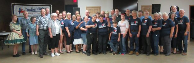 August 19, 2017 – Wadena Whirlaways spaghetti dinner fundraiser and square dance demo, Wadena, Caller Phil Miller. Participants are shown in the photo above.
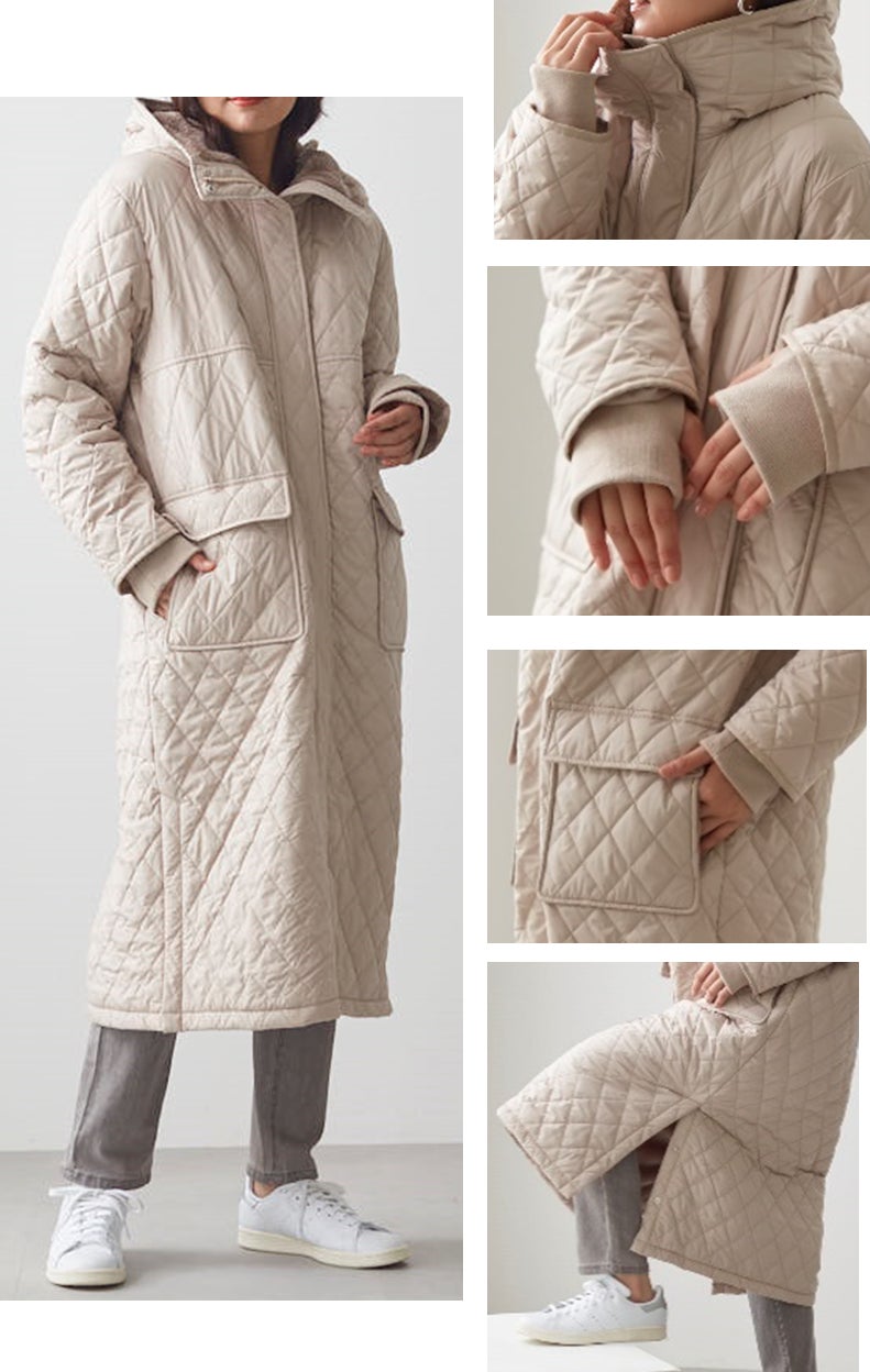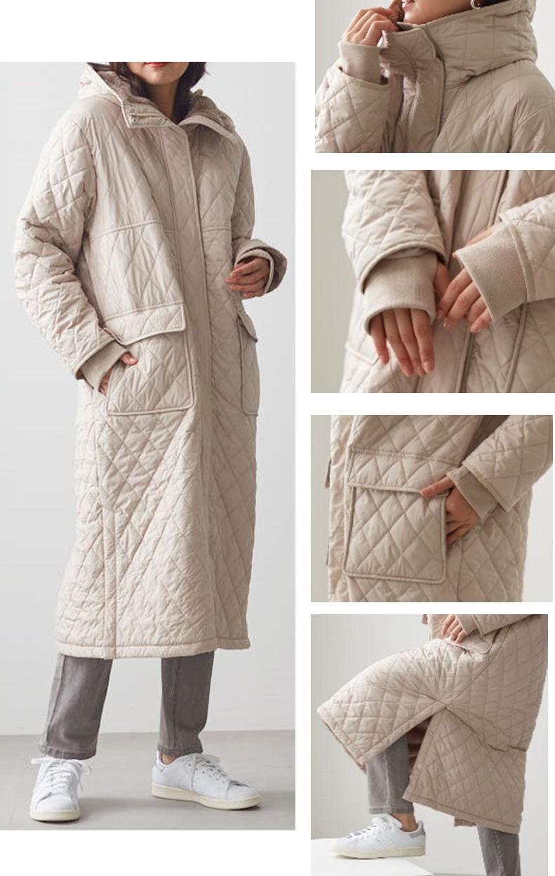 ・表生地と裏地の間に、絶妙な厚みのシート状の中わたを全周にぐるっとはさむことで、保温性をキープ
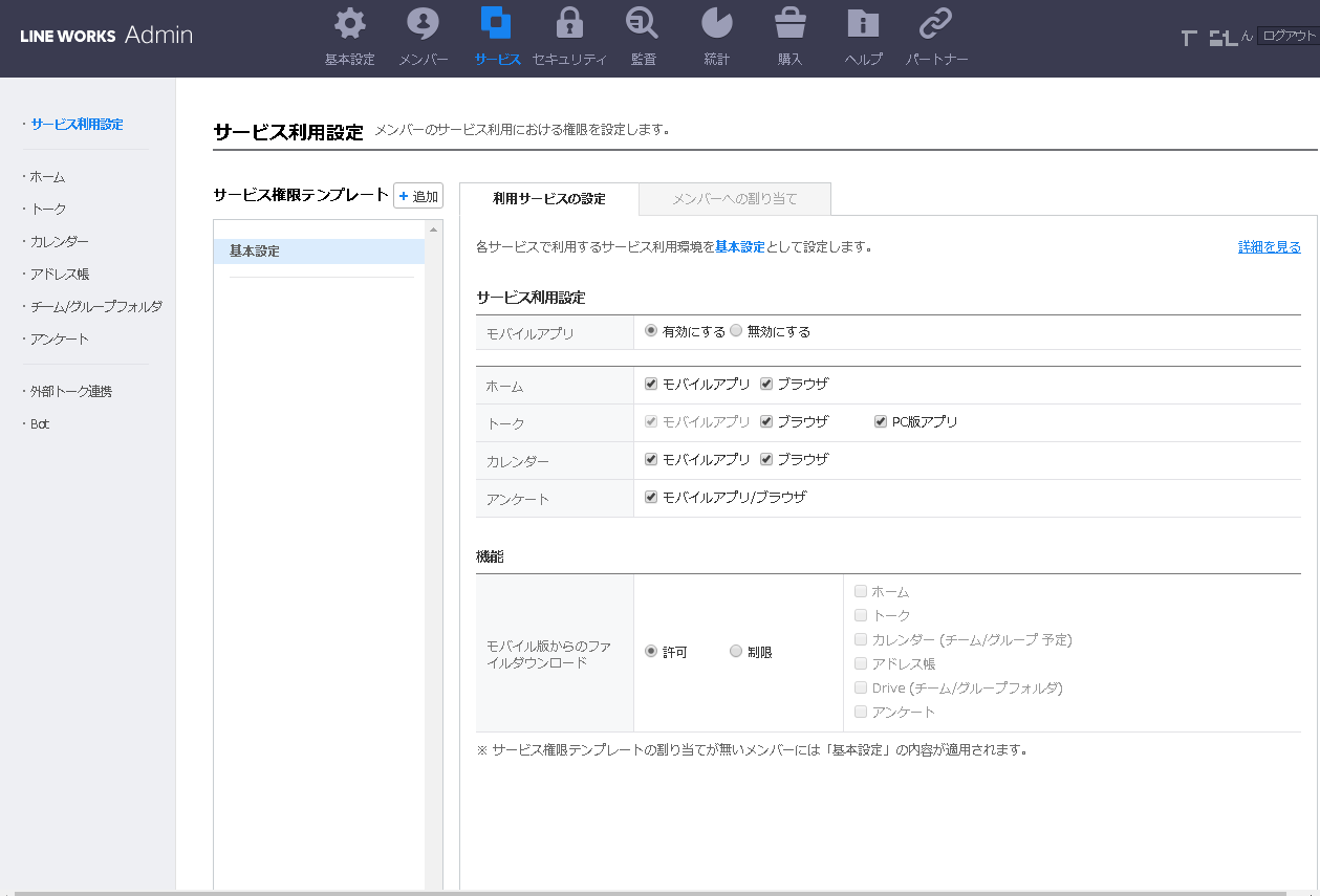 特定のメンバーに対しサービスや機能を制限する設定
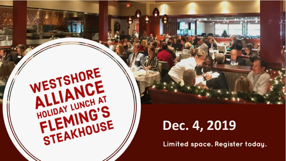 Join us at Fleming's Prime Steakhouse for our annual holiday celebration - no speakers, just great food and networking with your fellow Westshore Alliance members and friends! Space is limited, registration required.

--

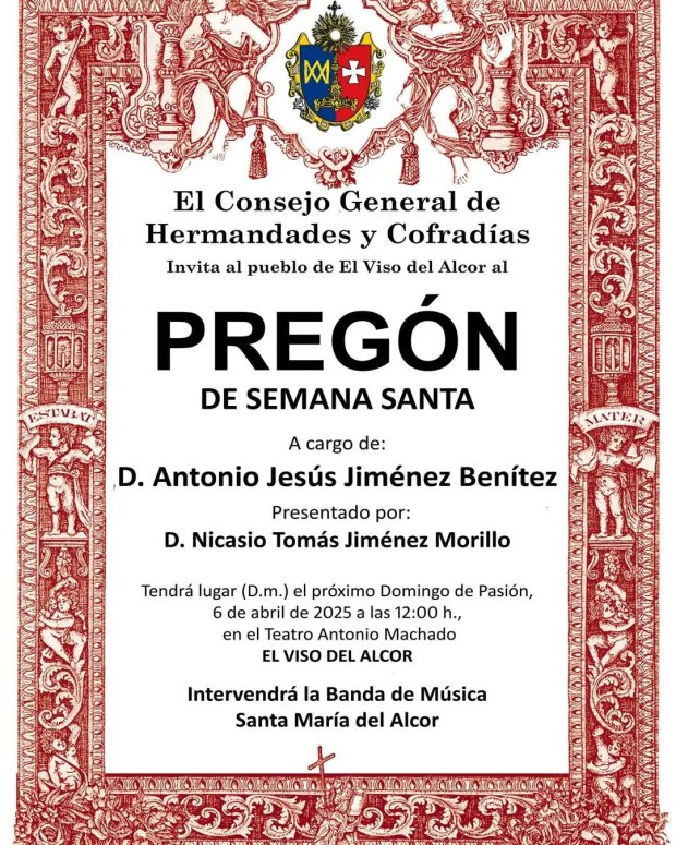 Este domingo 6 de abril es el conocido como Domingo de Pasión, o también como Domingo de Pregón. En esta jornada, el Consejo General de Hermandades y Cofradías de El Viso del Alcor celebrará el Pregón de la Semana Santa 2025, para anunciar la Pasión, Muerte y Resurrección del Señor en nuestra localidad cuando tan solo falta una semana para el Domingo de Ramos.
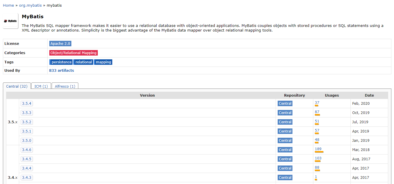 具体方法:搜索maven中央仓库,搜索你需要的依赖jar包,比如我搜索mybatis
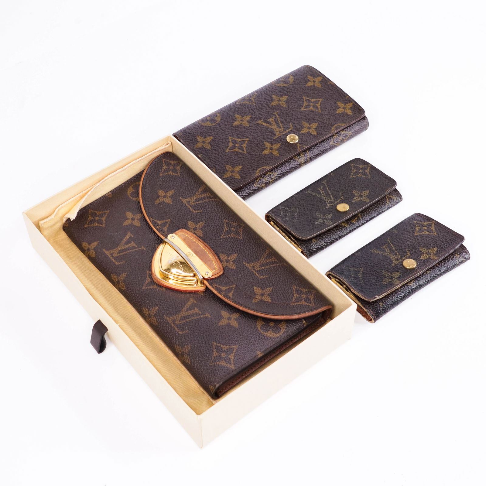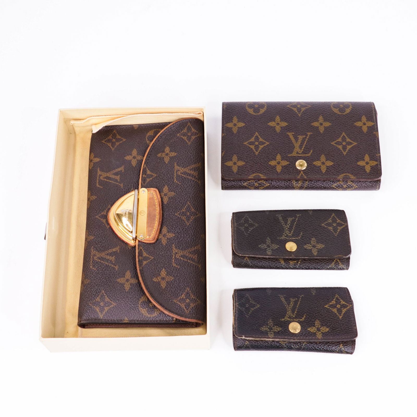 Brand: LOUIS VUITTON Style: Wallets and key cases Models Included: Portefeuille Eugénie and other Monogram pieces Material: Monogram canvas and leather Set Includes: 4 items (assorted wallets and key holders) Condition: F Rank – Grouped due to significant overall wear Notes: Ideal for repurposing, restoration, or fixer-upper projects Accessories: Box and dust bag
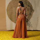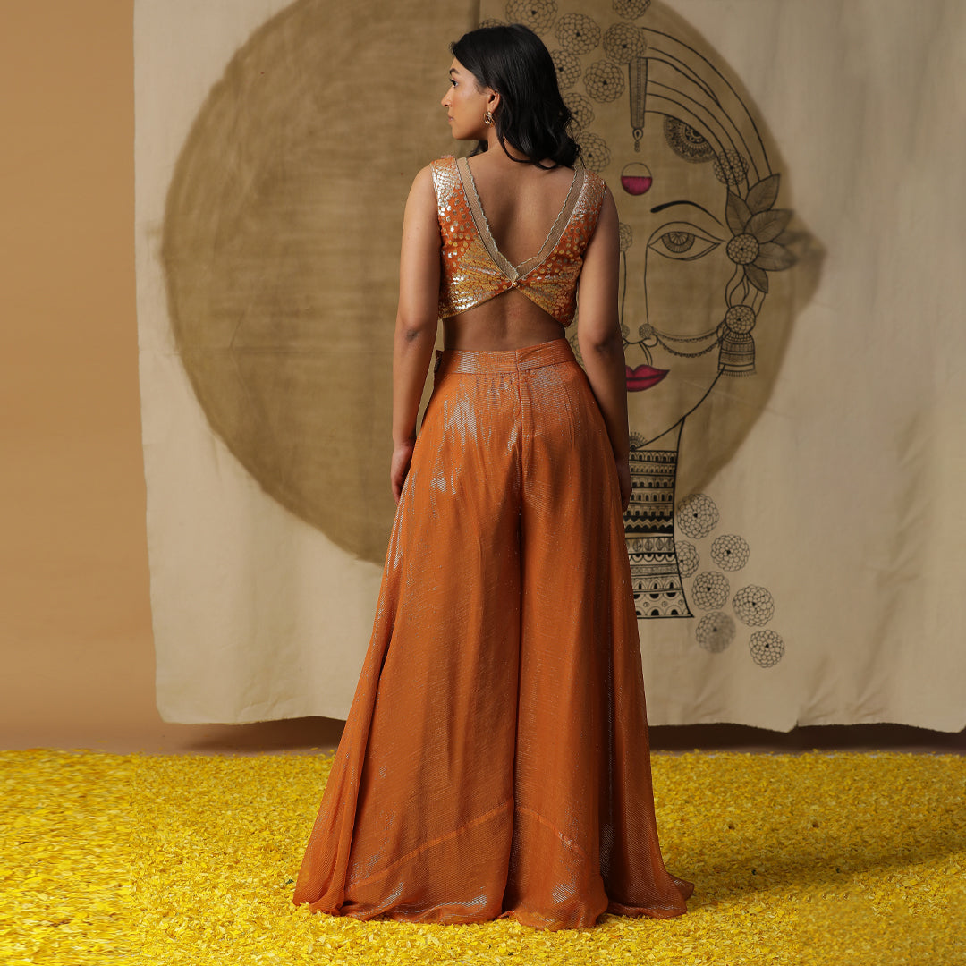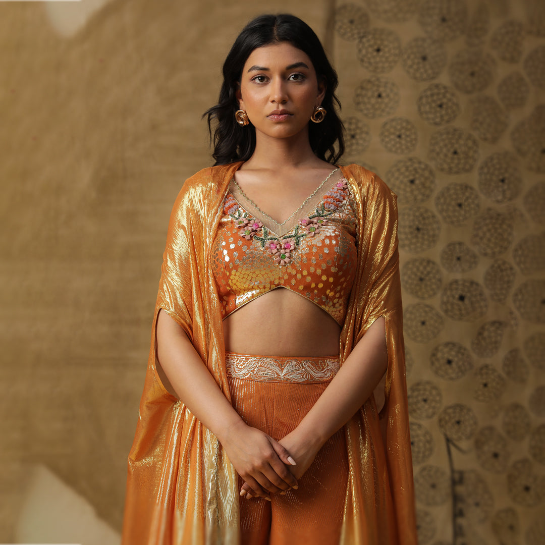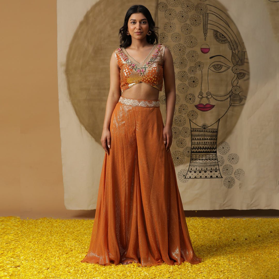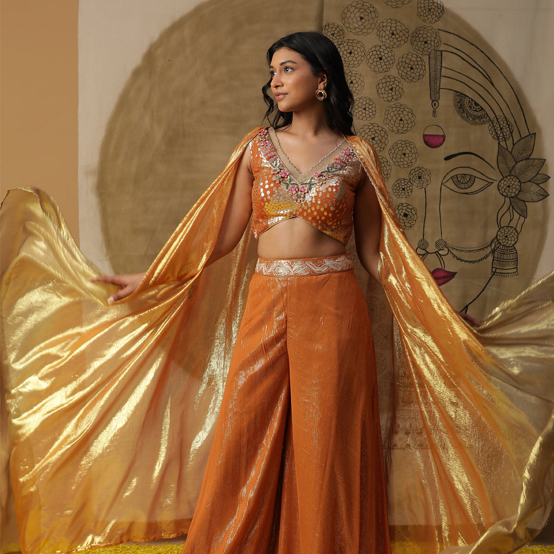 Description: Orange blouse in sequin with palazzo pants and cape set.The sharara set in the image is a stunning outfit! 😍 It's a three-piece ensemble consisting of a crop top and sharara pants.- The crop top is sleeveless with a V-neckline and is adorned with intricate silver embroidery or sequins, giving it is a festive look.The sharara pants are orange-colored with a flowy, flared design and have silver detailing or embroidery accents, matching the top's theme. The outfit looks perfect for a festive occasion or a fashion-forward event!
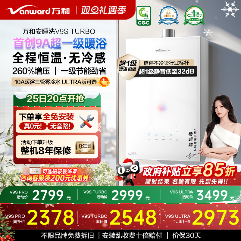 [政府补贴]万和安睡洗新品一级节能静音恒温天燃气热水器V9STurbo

...

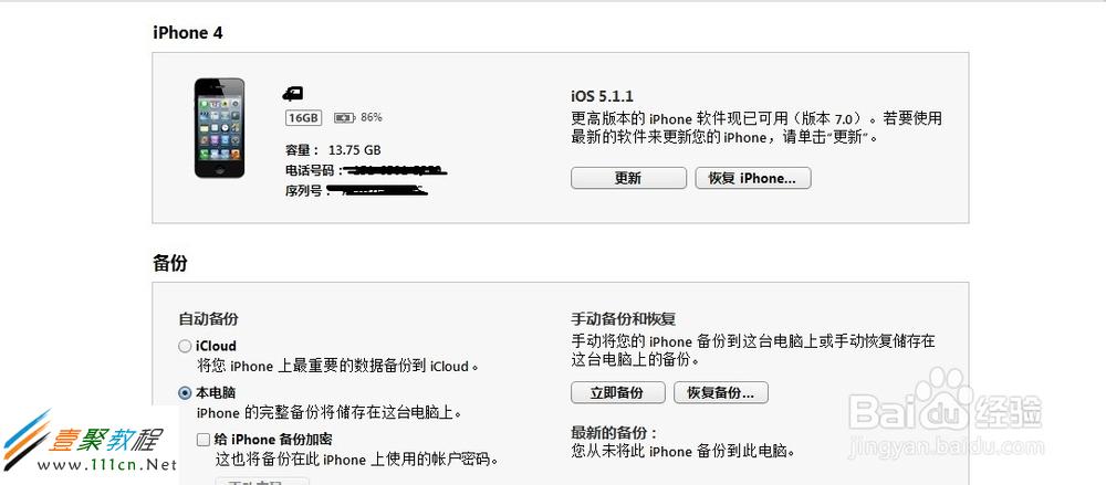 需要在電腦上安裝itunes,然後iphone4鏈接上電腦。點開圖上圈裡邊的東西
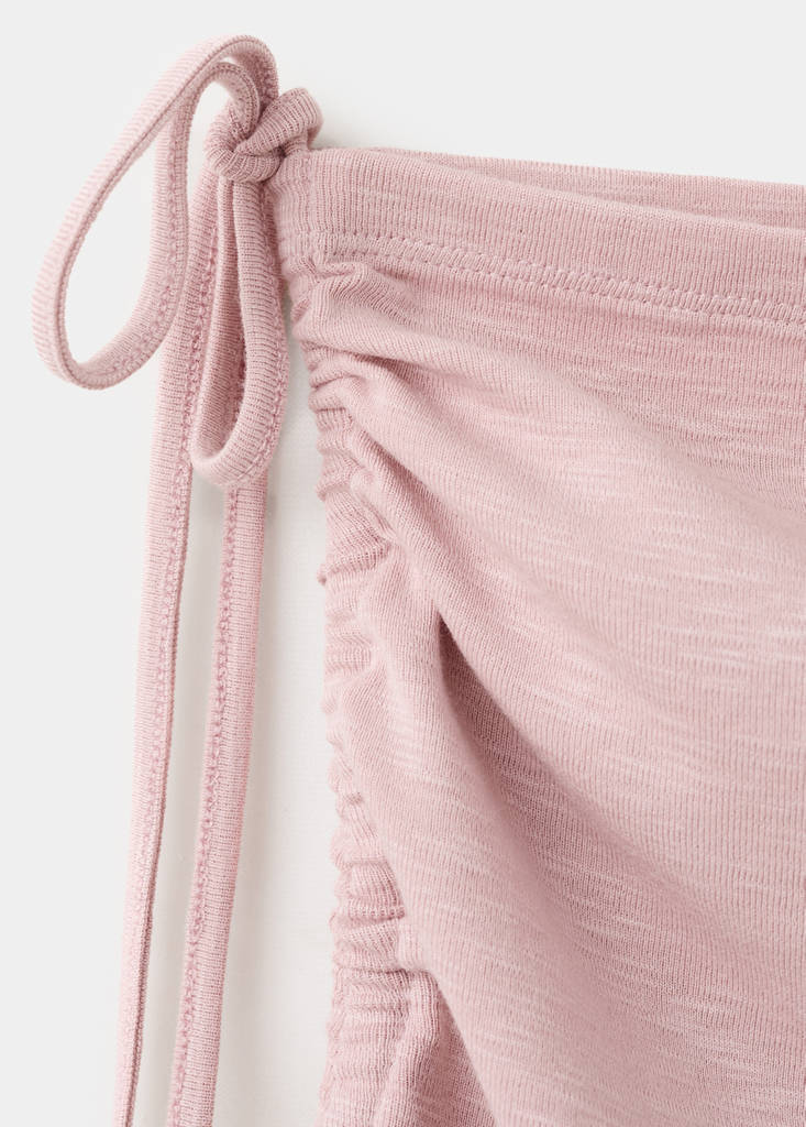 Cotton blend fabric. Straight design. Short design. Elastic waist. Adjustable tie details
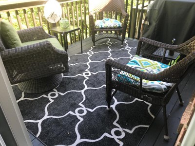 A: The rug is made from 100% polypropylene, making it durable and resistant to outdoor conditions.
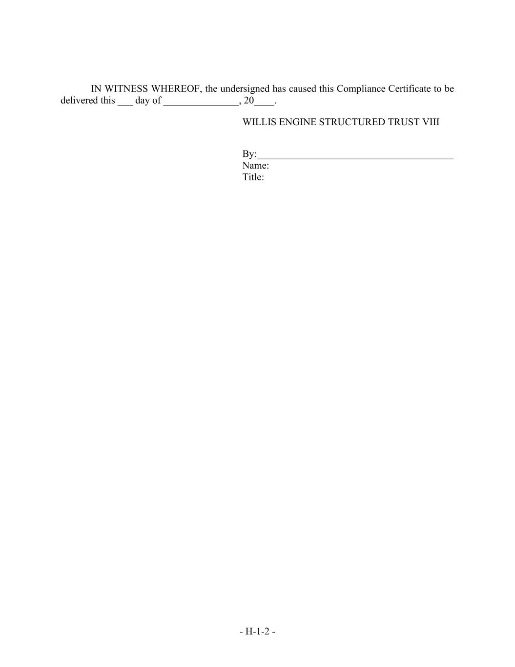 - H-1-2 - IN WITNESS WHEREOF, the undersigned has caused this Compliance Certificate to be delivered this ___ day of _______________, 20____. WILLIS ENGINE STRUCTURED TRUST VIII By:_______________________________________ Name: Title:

### Problem to work on
Set down again, exactly, every line above from the one with "August 19, 2017" down to the one with "Join us at Fleming's", both ends included. No pictures, and nothing else.

### Exercise solution
 August 19, 2017 – Wadena Whirlaways spaghetti dinner fundraiser and square dance demo, Wadena, Caller Phil Miller. Participants are shown in the photo above.
 ・表生地と裏地の間に、絶妙な厚みのシート状の中わたを全周にぐるっとはさむことで、保温性をキープ
 特定のメンバーに対しサービスや機能を制限する設定
 Join us at Fleming's Prime Steakhouse for our annual holiday celebration - no speakers, just great food and networking with your fellow Westshore Alliance members and friends! Space is limited, registration required.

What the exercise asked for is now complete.